16. Horizontal major axis; passes through the points \( (5,0) \) and \( (0,2) \) 17. Vertices: \( ( \pm 6,0) \); passes through the point \( (4,1) \) 18. Vertices: \( (0, \pm 8) \); passes through the point \( (3,4) \)

To find the equations of the conic sections based on the given points, first take note of the vertices given in each scenario. For a hyperbola with a horizontal major axis that passes through the points \( (5,0) \) and \( (0,2) \), you can use the standard form of a hyperbola. The center will be at the midpoint of \( (5,0) \) and the other point, giving a starting point for your equation. For the vertices listed as \( ( \pm 6,0) \), you have an ellipse with a major axis on the x-axis. The equation will start out as \( \frac{x^2}{36} + \frac{y^2}{b^2} = 1 \).
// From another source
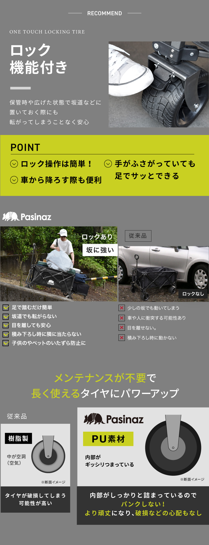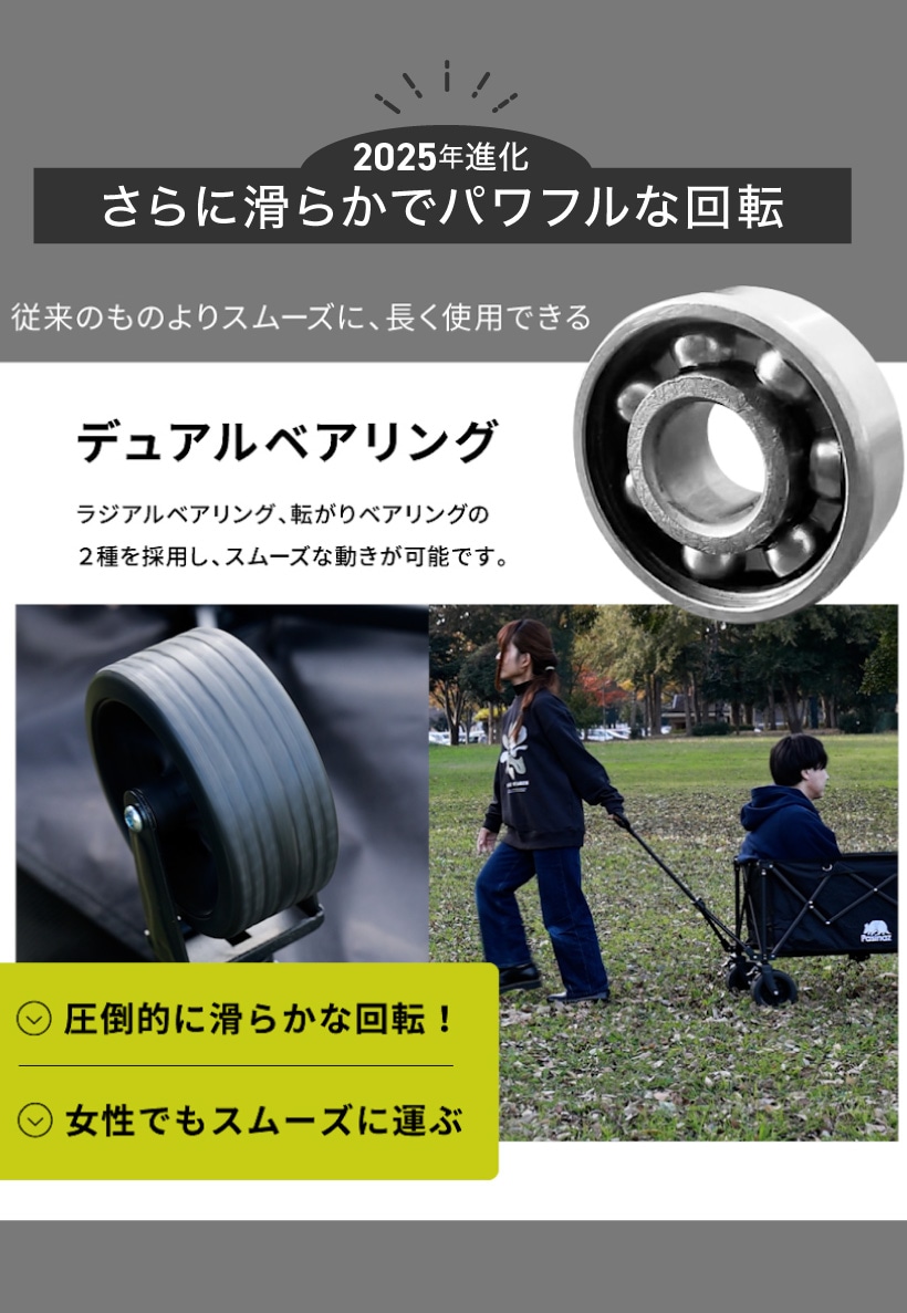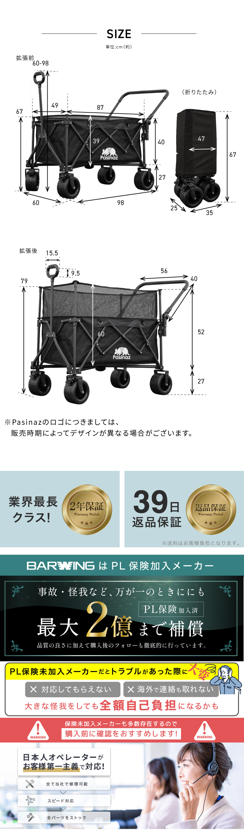 | 仕様 | ・片手用ハンドル、両手用ハンドル2way ・拡張式 ・10cmワイドタイヤ ・大容量258L |

You can find \( b \) using the fact that it passes through the point \( (4,1) \) to solve for that missing value. The third scenario with vertices at \( (0, \pm 8) \) suggests a vertical ellipse. Starting with the equation \( \frac{x^2}{a^2} + \frac{y^2}{64} = 1 \), you can plug in the coordinates of the point \( (3,4) \) to determine the value of \( a \) and complete the equation. The mystery of these shapes begins to unravel with a bit of algebra!